* [Instructions to follow] Write out each line below precisely, passing over the pictures.

* [Data]

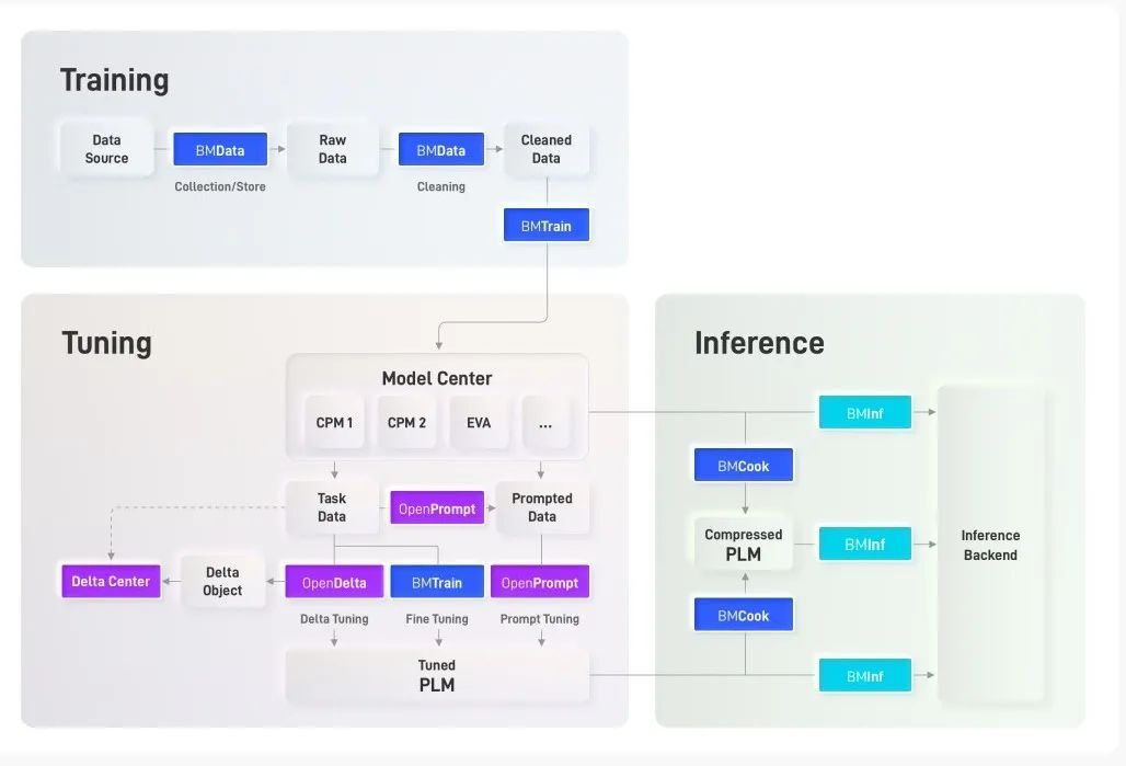 大模型相关工具在OpenBMB能力体系中发挥着核心作用。OpenBMB将努力建设大模型开源社区,团结广大开发者不断完善大模型从训练、微调、推理到应用的全流程配套工具。基于发起人团队前期工作,OpenBMB设计了大模型全流程研发框架,并初步开发了相关工具,这些工具各司其职、相互协作,共同实现大模型从训练、微调到推理的全流程高效计算。
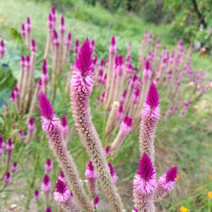 ロウソクに火を灯したような 野鶏頭♦️ 幾つもの群生を眺めていると 背高のっぽの兵隊さんが整列している様で お伽の国へ迷い込んだ気分に😄🎶 赤紫の頭に白とピンクの胸元がお洒落 夏の終わりと秋の訪れに 丁度ピッタリなお花…
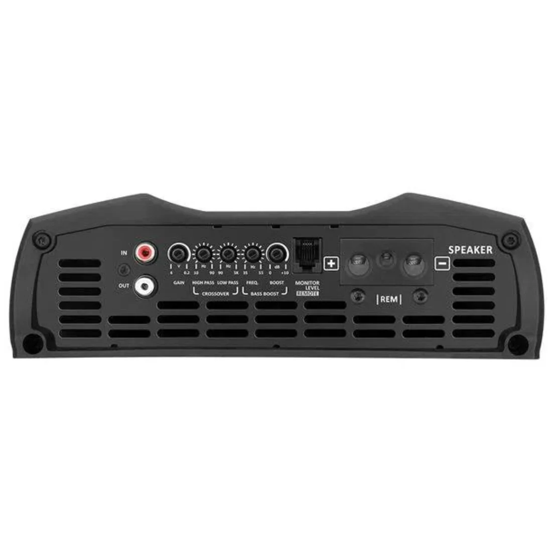 In addition to being able to supply 8000W RMS between 1 and 2 Ohms, has an input gain adjustment that allows the use of players with up to 4V RMS output level and its Robust connector allows the use of power cables with a larger gauge for greater performance.
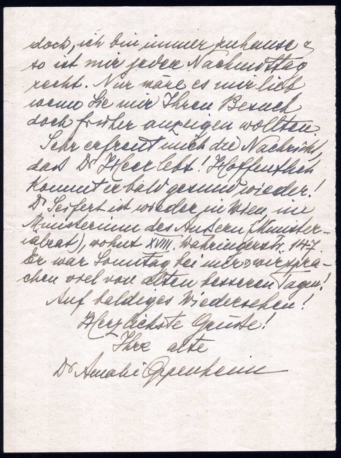 Ihr Versprechen, mit Ihrer l. Frau zu mir zu kommen, freut mich sehr, Sie wissen, doch, ich bin immer zuhause & so ist mir jeder Nachmittag recht. Nur wäre es mir lieb, wenn Sie mir Ihren Besuch doch früher anzeigen wollten.
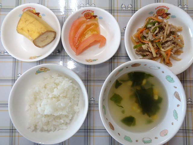 7日の給食は『チンジャオロース・トマト・春雨スープ・バナナ・ラフランス』でした🍐
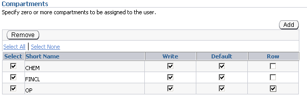 The administrator specifies the list of compartments that a user can place in their session label. Write access must be explicitly given for each compartment. A user cannot directly insert, update, or delete a row that contains a compartment that she does not have authorization to write.
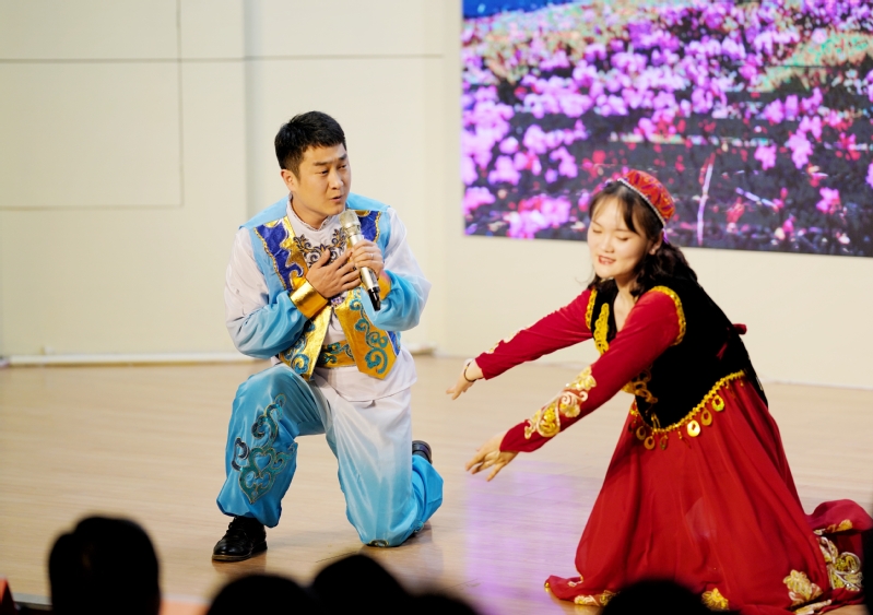 赛前的暖场视频《音为梦响》为比赛营造了浓郁的现场氛围,比赛在一首新疆歌舞《掀起你的盖头来》拉开序幕,机械学院党委张振老师和夫人的默契演唱为现场观众带来了冬日里的欢乐。由各二级党组织组成的16支参赛队伍依次登场,为现场观众带来了或悠扬婉转或欢快激昂的精彩演唱。后勤党总支的宋青、杨丹玥老师用一首《山楂树》传递出纯真与浪漫;体育学院党总支许诚老师以一首轻柔婉转的《贝加尔湖畔》让观众身临其境;马克思主义学院党总支刘艳、苗智慧深情演绎的《父亲》感人至深;经管学院党委张丽霞老师,坚守教学30年,她以一曲《映山红》传递红色精神;机关党委滕敏用一首《大地飞歌》传递出积极乐观的人生态度;外国语学院党委汪美芳老师的吉他弹唱《You are beautiful》清新而温暖……参赛选手中既有刚入职的新教师,也有坚守讲台三十年的老教育工作者,他们饱含对祖国对学校的深情和热爱,用歌声为青春助力,用歌声唱响未来。

* [Output below]
 大模型相关工具在OpenBMB能力体系中发挥着核心作用。OpenBMB将努力建设大模型开源社区,团结广大开发者不断完善大模型从训练、微调、推理到应用的全流程配套工具。基于发起人团队前期工作,OpenBMB设计了大模型全流程研发框架,并初步开发了相关工具,这些工具各司其职、相互协作,共同实现大模型从训练、微调到推理的全流程高效计算。
 ロウソクに火を灯したような 野鶏頭♦️ 幾つもの群生を眺めていると 背高のっぽの兵隊さんが整列している様で お伽の国へ迷い込んだ気分に😄🎶 赤紫の頭に白とピンクの胸元がお洒落 夏の終わりと秋の訪れに 丁度ピッタリなお花…
 In addition to being able to supply 8000W RMS between 1 and 2 Ohms, has an input gain adjustment that allows the use of players with up to 4V RMS output level and its Robust connector allows the use of power cables with a larger gauge for greater performance.
 Ihr Versprechen, mit Ihrer l. Frau zu mir zu kommen, freut mich sehr, Sie wissen, doch, ich bin immer zuhause & so ist mir jeder Nachmittag recht. Nur wäre es mir lieb, wenn Sie mir Ihren Besuch doch früher anzeigen wollten.
 7日の給食は『チンジャオロース・トマト・春雨スープ・バナナ・ラフランス』でした🍐
 The administrator specifies the list of compartments that a user can place in their session label. Write access must be explicitly given for each compartment. A user cannot directly insert, update, or delete a row that contains a compartment that she does not have authorization to write.
 赛前的暖场视频《音为梦响》为比赛营造了浓郁的现场氛围,比赛在一首新疆歌舞《掀起你的盖头来》拉开序幕,机械学院党委张振老师和夫人的默契演唱为现场观众带来了冬日里的欢乐。由各二级党组织组成的16支参赛队伍依次登场,为现场观众带来了或悠扬婉转或欢快激昂的精彩演唱。后勤党总支的宋青、杨丹玥老师用一首《山楂树》传递出纯真与浪漫;体育学院党总支许诚老师以一首轻柔婉转的《贝加尔湖畔》让观众身临其境;马克思主义学院党总支刘艳、苗智慧深情演绎的《父亲》感人至深;经管学院党委张丽霞老师,坚守教学30年,她以一曲《映山红》传递红色精神;机关党委滕敏用一首《大地飞歌》传递出积极乐观的人生态度;外国语学院党委汪美芳老师的吉他弹唱《You are beautiful》清新而温暖……参赛选手中既有刚入职的新教师,也有坚守讲台三十年的老教育工作者,他们饱含对祖国对学校的深情和热爱,用歌声为青春助力,用歌声唱响未来。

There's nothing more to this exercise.